Section: Scientific Foundations

Simplified models and inverse problems

The medical and clinical exploration of the electrical signals is based on accurate reconstruction of the typical patterns of propagation of the action potential. The correct detection of these complex patterns by non-invasive electrical imaging techniques has to be developped. Both problems involve solving inverse problems that cannot be addressed with the more compex models. We want both to develop simple and fast models of the propagation of cardiac action potentials and improve the solutions to the inverse problems found in cardiac electrical imaging techniques.

The cardiac inverse problem consists in finding the cardiac activation maps or, more generally the whole cardiac electrical activity, from high density body surface electrocardiograms. It is a new and a powerful diagnosis technique, which success would be considered as a breakthrough in the cardiac diagnosis. Although widely studied during the last years, it remains a challenge for the scientific community. In many cases the quality of reconstructed electrical potential is not sufficiently accurate. The methods used consist in solving the Laplace equation on the volume delimited by the body surface and the epicardial surface.We plan to

  • study in depth the dependance of this inverse problem inhomogeneities in the torso, conductivity values, the geometry, electrode placements...

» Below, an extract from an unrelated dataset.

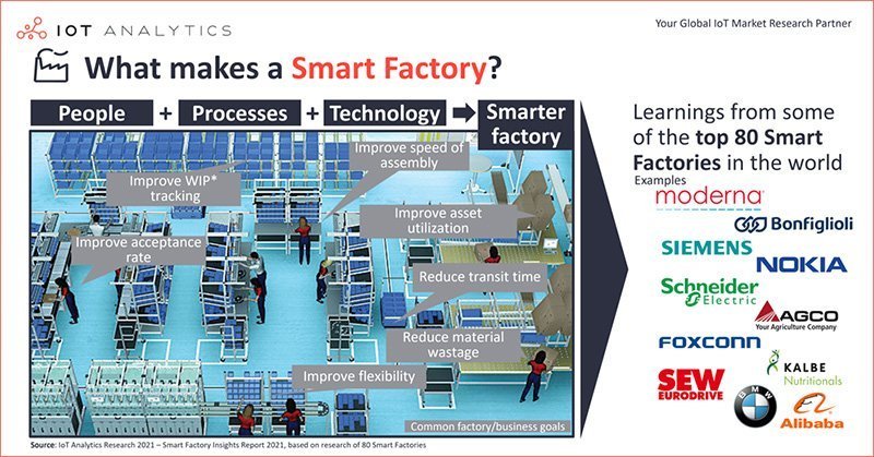 Não, ainda não existe um teste que meça o Quociente de inteligência (QI) de centros de manufatura, mas um relatório recentemente publicado pela IoT Analytics faz uma análise aprofundada de três elementos principais de qualquer projeto envolvendo fábricas inteligentes deveria considerar: processos, pessoas e tecnologia. Abordando detalhadamente 10 estudos de caso, o estudo “Smart Factories Insights Report 2021” apresenta as tecnologias implantadas e os objetivos alcançados, além de apresentar uma visão geral dos modelos de maturidade das fábricas inteligentes.

  • improve the solution to the inverse problem be using new regularization strategies and the theory of optimal control, both in the quasistatic and in the dynamic contexts.

Of cours we will use our models as a basis to regularize these inverse problems. We will conside the follwong strategies:

  • using complete propagation models in the inverse problem, like the bidomain equations; for instance in order to localize some electrical sources;

  • construct some families of reduced order models, using e.g. statistical learning techniques, which would accurately represent some families of well-identified pathologies;

  • construct some simple models of the propagation of the activation front, based on eikonal or level-sets equations, but which would incorporate the representation of complex activation patterns.

Additionnaly, we will need to develop numerical techniques dedicated to our simplified eikonal/levl-sets equations.